We find the trial judge's valuation of the dental lab clearly erroneous. Keen v Keen, 145 Mich. App. 824, 831; 378 NW2d 612 (1985). The parties each called expert witnesses to give testimony regarding the value of the dental lab. Plaintiff's witness appraised the lab at $238,000 and defendant's witness appraised it at $63,000. The court valued the asset at $184,500 which was in between those two amounts. However, the court did not consider the accounts payable, did not consider depreciation *79 of the hard assets and did not give adequate weight to the testimony of a willing buyer who made an offer which discounted entirely any dollar value for good will.
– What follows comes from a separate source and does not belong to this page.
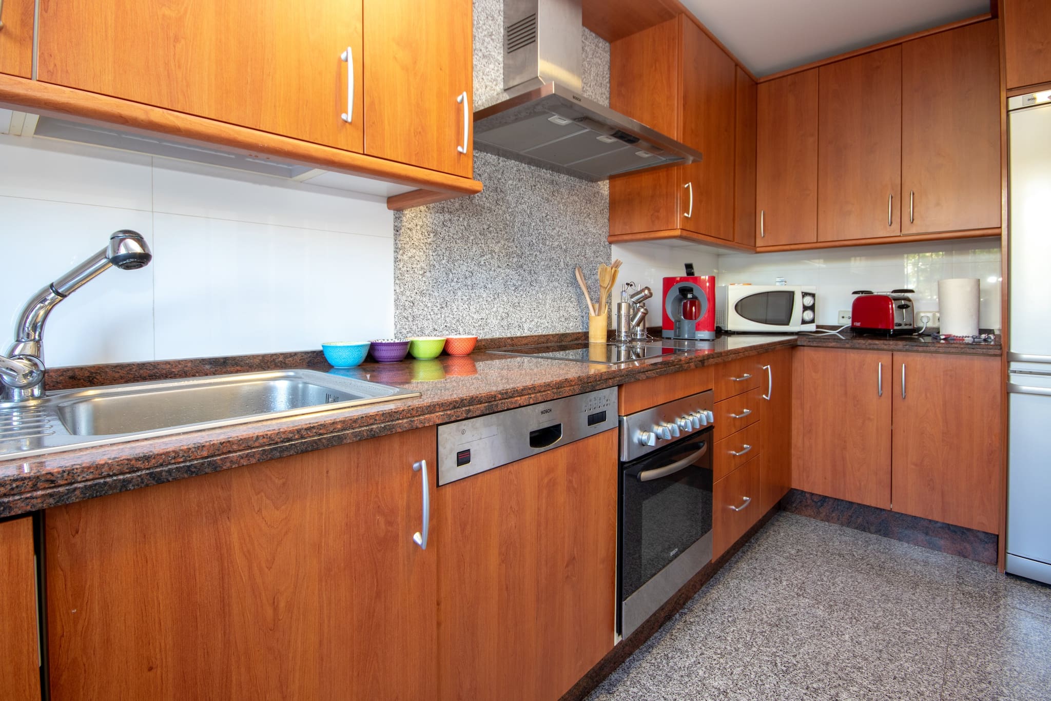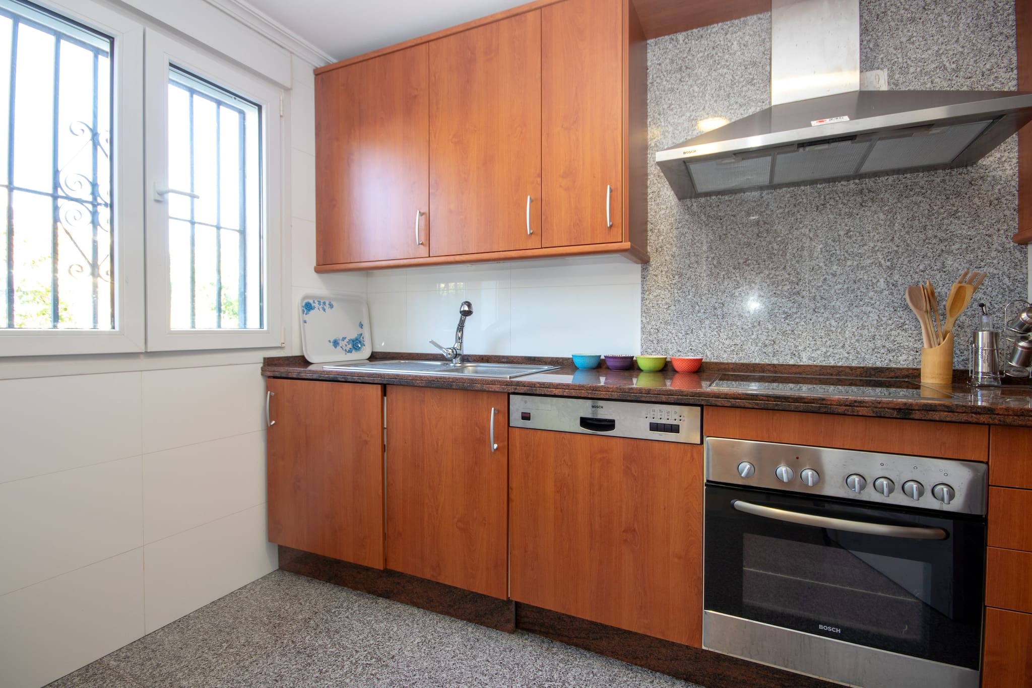 This spacious 3 storey townhouse is stylishly decorated in a contemporary, colour co-ordinated style and offers 3 terraces and a grassed garden leading directly onto the beach. On the ground floor the lounge is furnished with a double sofa bed, dining table and chairs and leads out onto the south facing terrace and garden furnished with a dining table and chairs and 3 sun loungers. The fully equipped kitchen and guest WC is also located on this floor.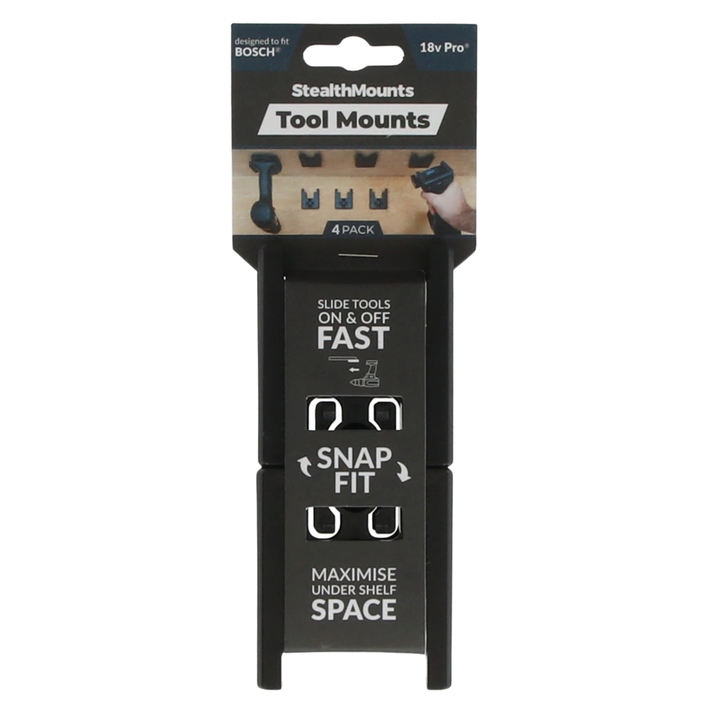 All product informationTool mount made of strong ABS plastic for the safe storage of cordless Bosch power tools. The holders can be mounted in any distance from each other, and they ensure clear organisation in workshops, tool trailers or working vehicles. The cordless tools are pushed into the mount until they snap in. For removal, they can simply be pulled out. By using the mounts, the tools are stowed in a very space-saving way and always ready to hand.

On remand, the parties' dental lab business shall be valued at $104,500. That amount represents $64,500 in tangible assets as computed by the trial court and accepted by both parties, plus $40,000 in accounts receivable, according to the trial court's findings. We eliminate the court's valuation of the going-concern value of the business because it does not take into account any depreciation in the value of the business assets over the years in question and because the going-concern value of the business was not discounted to its present value. We attribute these omissions to the plaintiff's failure to produce the appropriate expert testimony and we therefore decline to remand for further valuation. In the amended divorce judgment, defendant shall be ordered to pay $800 per month with no interest until the amount of $52,250 is paid in full, to satisfy plaintiff's one-half interest in the lab.
We reverse the award of attorney fees. Judgment on remand shall reflect that plaintiff is responsible for her own attorney fees and counseling fees, since attorney fees are not recoverable as a matter of right but only where necessary to a party's ability to continue with the litigation. Fulton v Fulton, 143 Mich. App. 187, 192; 371 NW2d 522 (1985). In addition, the parties shall bear equally the liabilities of the 1984 tax assessment of $17,000 and the Golden Credit Line loan of $1,765.61. The alimony provisions of the divorce judgment shall remain undisturbed.
Reversed in part and remanded for modification as provided in this opinion.
NOTES
[*] Circuit judge, sitting on the Court of Appeals by assignment.